(Required work):
What you return should be only the lines in the entries below between the one holding "Вкусовые и обонятельные" and the one holding "Auf dieser Seite", ends included, with every picture left out.

(Given records):
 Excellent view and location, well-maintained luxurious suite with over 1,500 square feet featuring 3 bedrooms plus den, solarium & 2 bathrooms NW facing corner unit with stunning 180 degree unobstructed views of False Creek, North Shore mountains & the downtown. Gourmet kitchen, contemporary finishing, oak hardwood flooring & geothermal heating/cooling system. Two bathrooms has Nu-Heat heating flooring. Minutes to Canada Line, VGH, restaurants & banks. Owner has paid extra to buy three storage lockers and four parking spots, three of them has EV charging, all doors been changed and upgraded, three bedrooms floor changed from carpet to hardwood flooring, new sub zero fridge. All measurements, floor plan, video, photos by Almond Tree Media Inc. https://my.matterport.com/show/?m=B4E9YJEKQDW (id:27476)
* * *
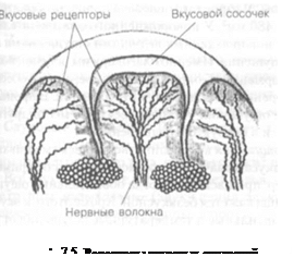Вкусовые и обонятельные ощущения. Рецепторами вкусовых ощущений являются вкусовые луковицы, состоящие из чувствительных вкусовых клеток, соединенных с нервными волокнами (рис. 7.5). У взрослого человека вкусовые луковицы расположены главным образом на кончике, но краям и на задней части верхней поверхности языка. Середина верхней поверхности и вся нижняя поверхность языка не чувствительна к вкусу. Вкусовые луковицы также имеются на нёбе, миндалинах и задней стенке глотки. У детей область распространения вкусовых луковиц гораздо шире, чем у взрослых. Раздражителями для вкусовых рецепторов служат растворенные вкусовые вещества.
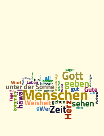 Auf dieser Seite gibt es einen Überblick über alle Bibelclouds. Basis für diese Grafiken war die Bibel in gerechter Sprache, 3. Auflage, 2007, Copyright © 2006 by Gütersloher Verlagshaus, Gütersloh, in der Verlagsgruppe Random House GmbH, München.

(Output of the exercise):
Вкусовые и обонятельные ощущения. Рецепторами вкусовых ощущений являются вкусовые луковицы, состоящие из чувствительных вкусовых клеток, соединенных с нервными волокнами (рис. 7.5). У взрослого человека вкусовые луковицы расположены главным образом на кончике, но краям и на задней части верхней поверхности языка. Середина верхней поверхности и вся нижняя поверхность языка не чувствительна к вкусу. Вкусовые луковицы также имеются на нёбе, миндалинах и задней стенке глотки. У детей область распространения вкусовых луковиц гораздо шире, чем у взрослых. Раздражителями для вкусовых рецепторов служат растворенные вкусовые вещества.
 Auf dieser Seite gibt es einen Überblick über alle Bibelclouds. Basis für diese Grafiken war die Bibel in gerechter Sprache, 3. Auflage, 2007, Copyright © 2006 by Gütersloher Verlagshaus, Gütersloh, in der Verlagsgruppe Random House GmbH, München.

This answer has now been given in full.